Linear Regression with R

This is going to be mainly to do with creating a linear regression model for the default diamond dataset found in the ggplot2 library in R.

Below you can find the code used to create the LR model for the diamond data set.

1
2
3
4
5
6
7
8
9
10
11
12
13
14
15
16
17
18
19
20
21
library(ggplot2)
library(caTools)
View(diamonds)

#Creating our training and test data frames
sample.split(diamonds$price,SplitRatio = 0.65) -> split_values #uses a 0.65 to 0.35 split
subset(diamonds,split_values==T) -> train_reg
subset(diamonds,split_values==F) -> test_reg

#buidling linear model
lm(price~.,data=train_reg) ->mod_regress
predict(mod_regress,test_reg) -> result_regress
cbind(Actual=test_reg$price,Predicted=result_regress)-> Final_Data
as.data.frame(Final_Data)->Final_Data
View(Final_Data)

#calculating the error
(Final_Data$Actual - Final_Data$Predicted) -> error
cbind(Final_Data,error) -> Final_Data
rmse<-sqrt(mean(Final_Data$error^2))
rmse

 

Diamond Data

 

Final Data

 

Regression Model

 

Results of the Regression Model

To provide some further information on how the above graphs are relevant in any way the following article written by Bommae Kim https://data.library.virginia.edu/diagnostic-plots/ provides a far superior explanation than what I am about to say.

Residuals Vs Fitted

This type of plot will help indicate if the predictor variables and the outcome variables have a linear or non-linear relationship.

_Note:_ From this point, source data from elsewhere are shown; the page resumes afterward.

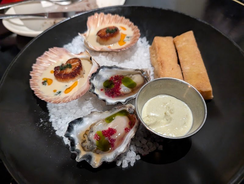 Unfortunately I was let down on my birthday with below average food with extremely high prices. The scallop and oyster were nice to start but it was downhill from there. I wish I had gotten a photo of the burnt and tough spatchcock schnitzel but I took these photos to show my family what I was having for my birthday dinner and I didnโt want them to see that. Please save your money I feel so bad that my partner paid $200+ for us when it was such a disappointment. :( Service and drinks were great.
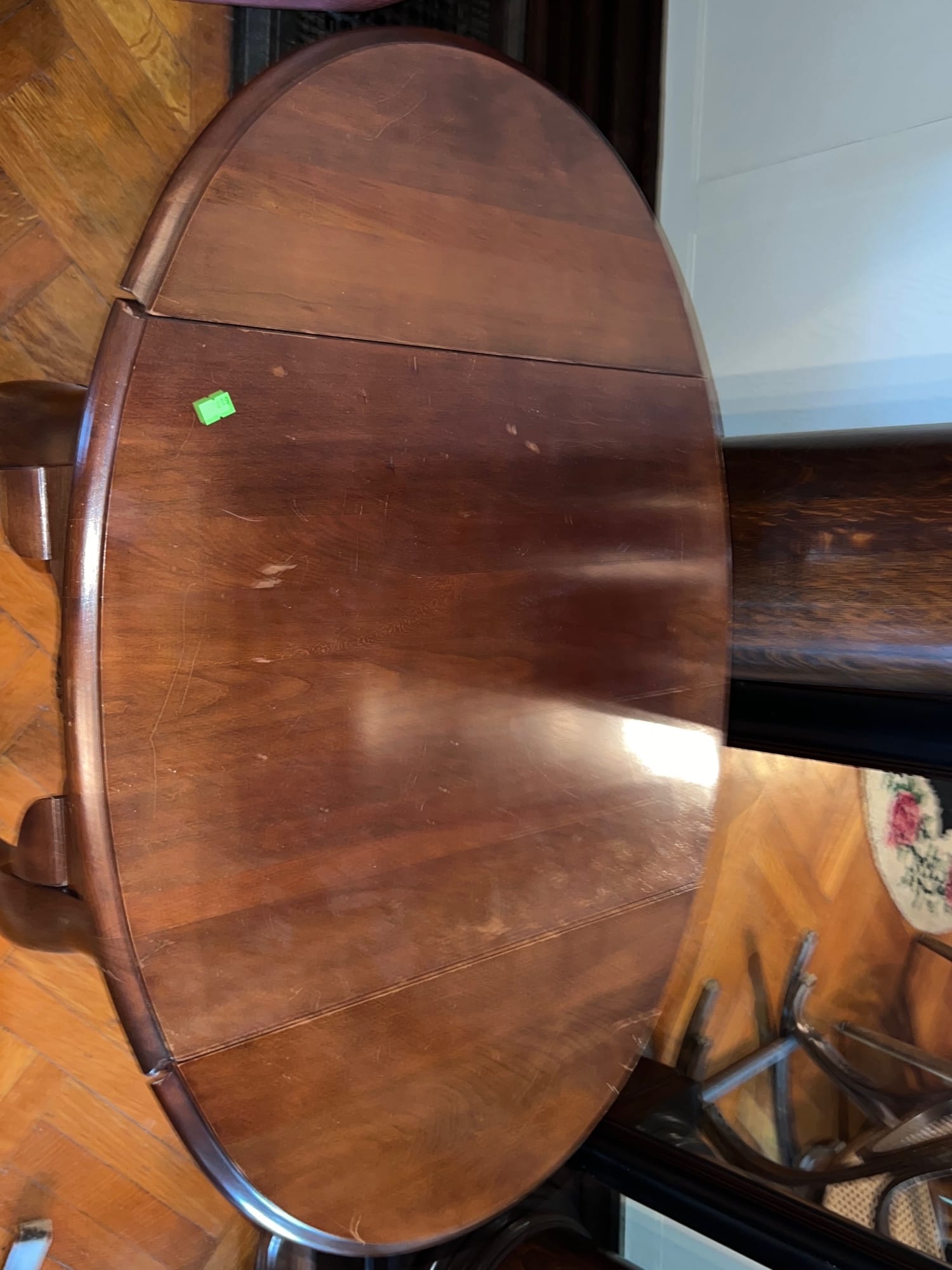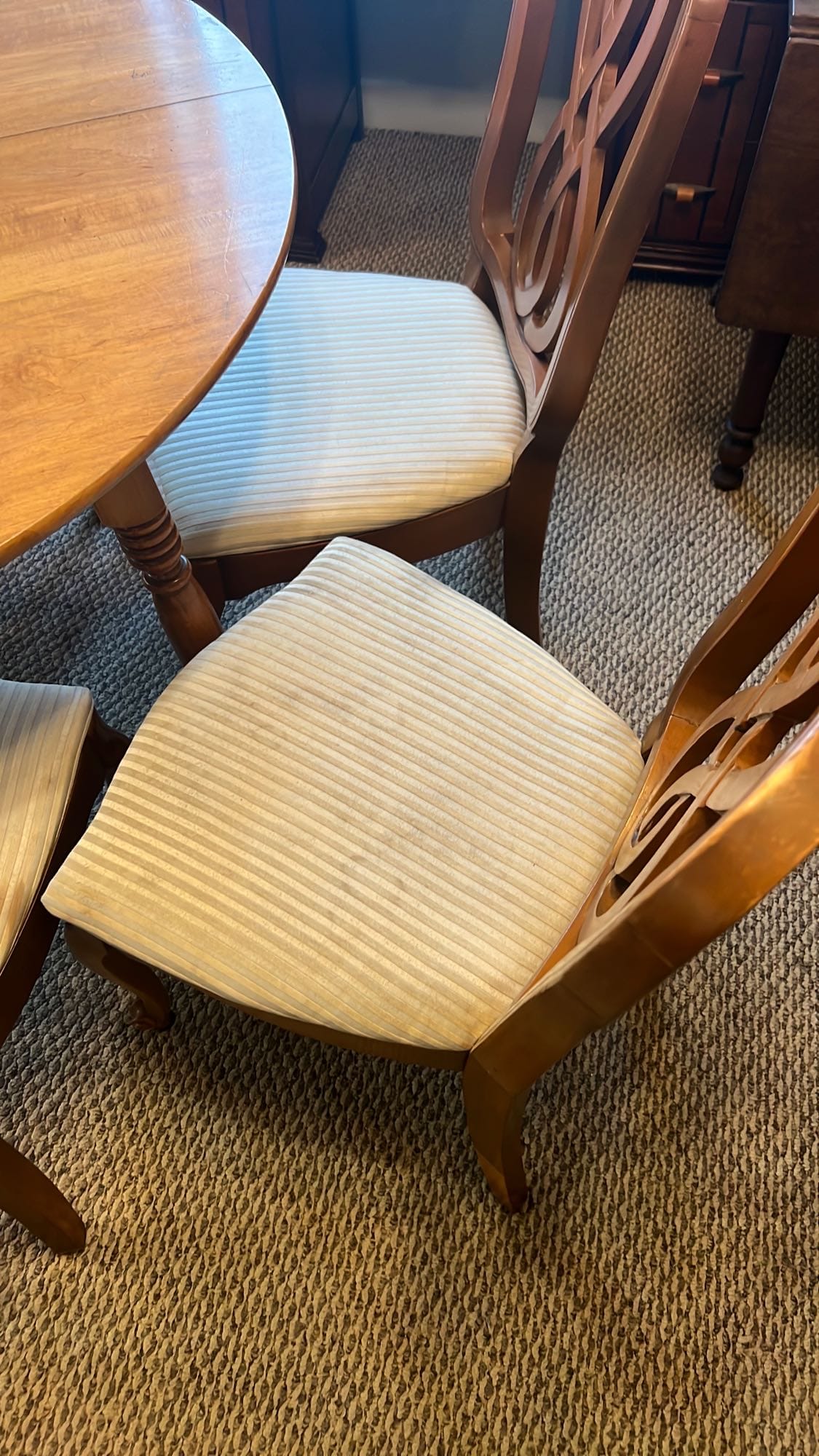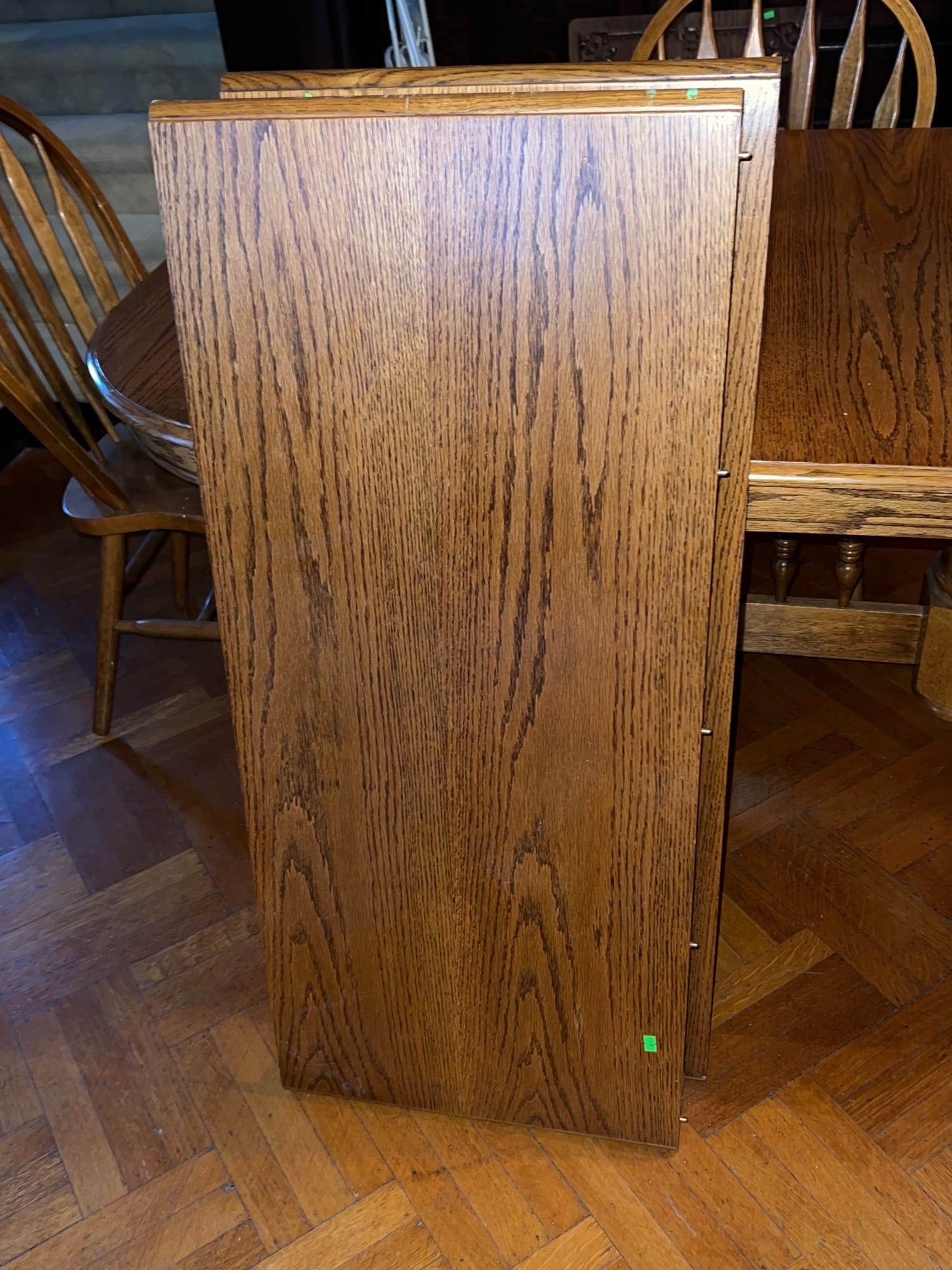 8 Oak Table (top has some bubble damage) 60”x29.25”x42” with Two Leaves 18” each & Three Chairs 17.5” wide Seat height 17.5”
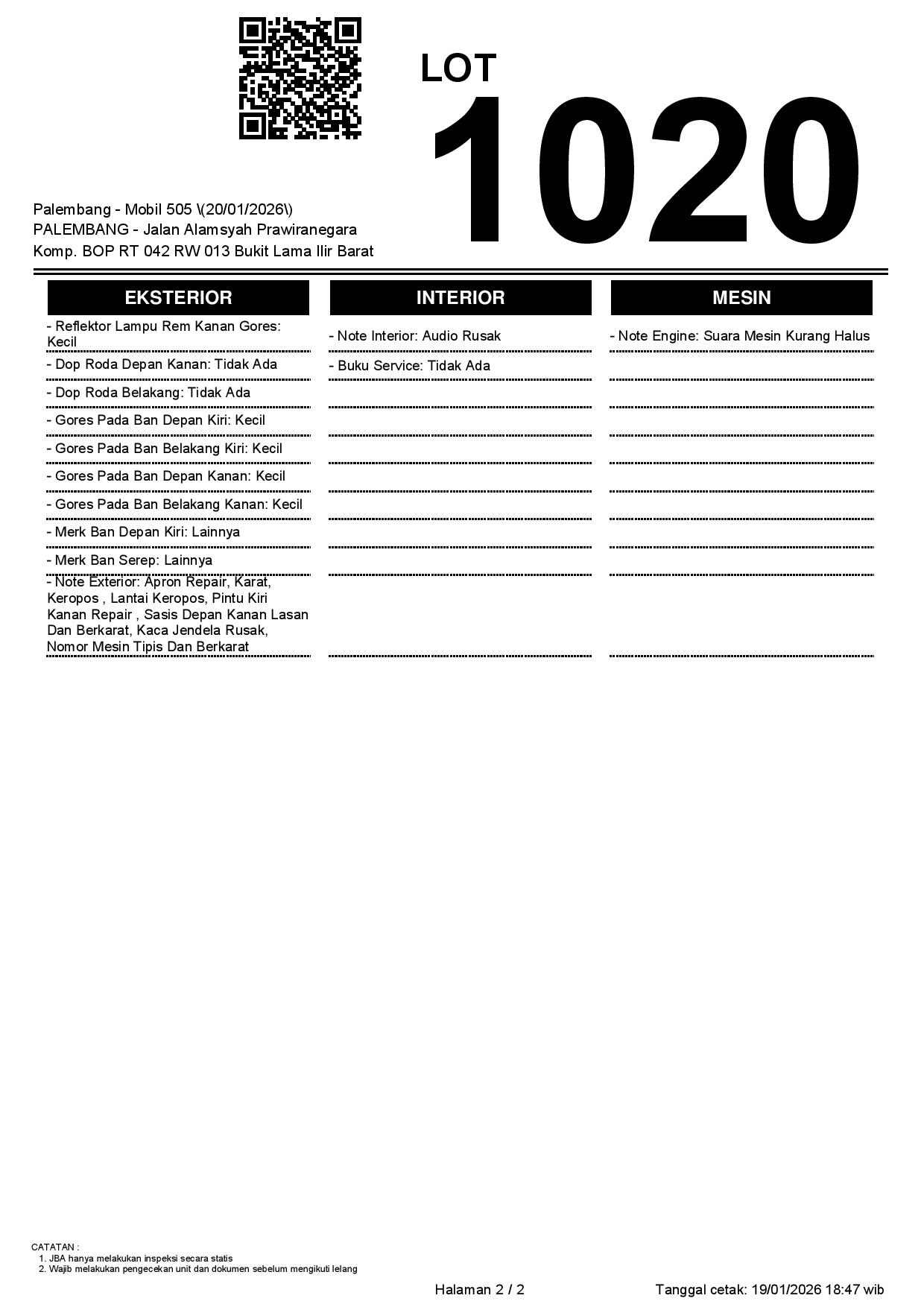 Tanggal Lelang: 20/01/2026 | 13:00 WIB

If there are equally spread residuals sitting around a horizontal line, this would be a good indicator of a linear relationship. However, if there is no equal spread around a horizontal line this could be indicating a non-linear relationship. In the case above, it could be assumed that the model has a linear relationship as in the plot there is a somewhat equal spread around a horizontal line however there is a slight progressive increase to the line which could be hinting at a parameter of the model which has not been defined.

Normal Q-Q

A normal Q-Q plot will show if the residuals are normally distributed. This is demonstrated when they follow a straight line or not. A positive result would be the residuals lined up well on the straight line.  Following these assumptions, the Normal Q-Q plot we have above looks concerning.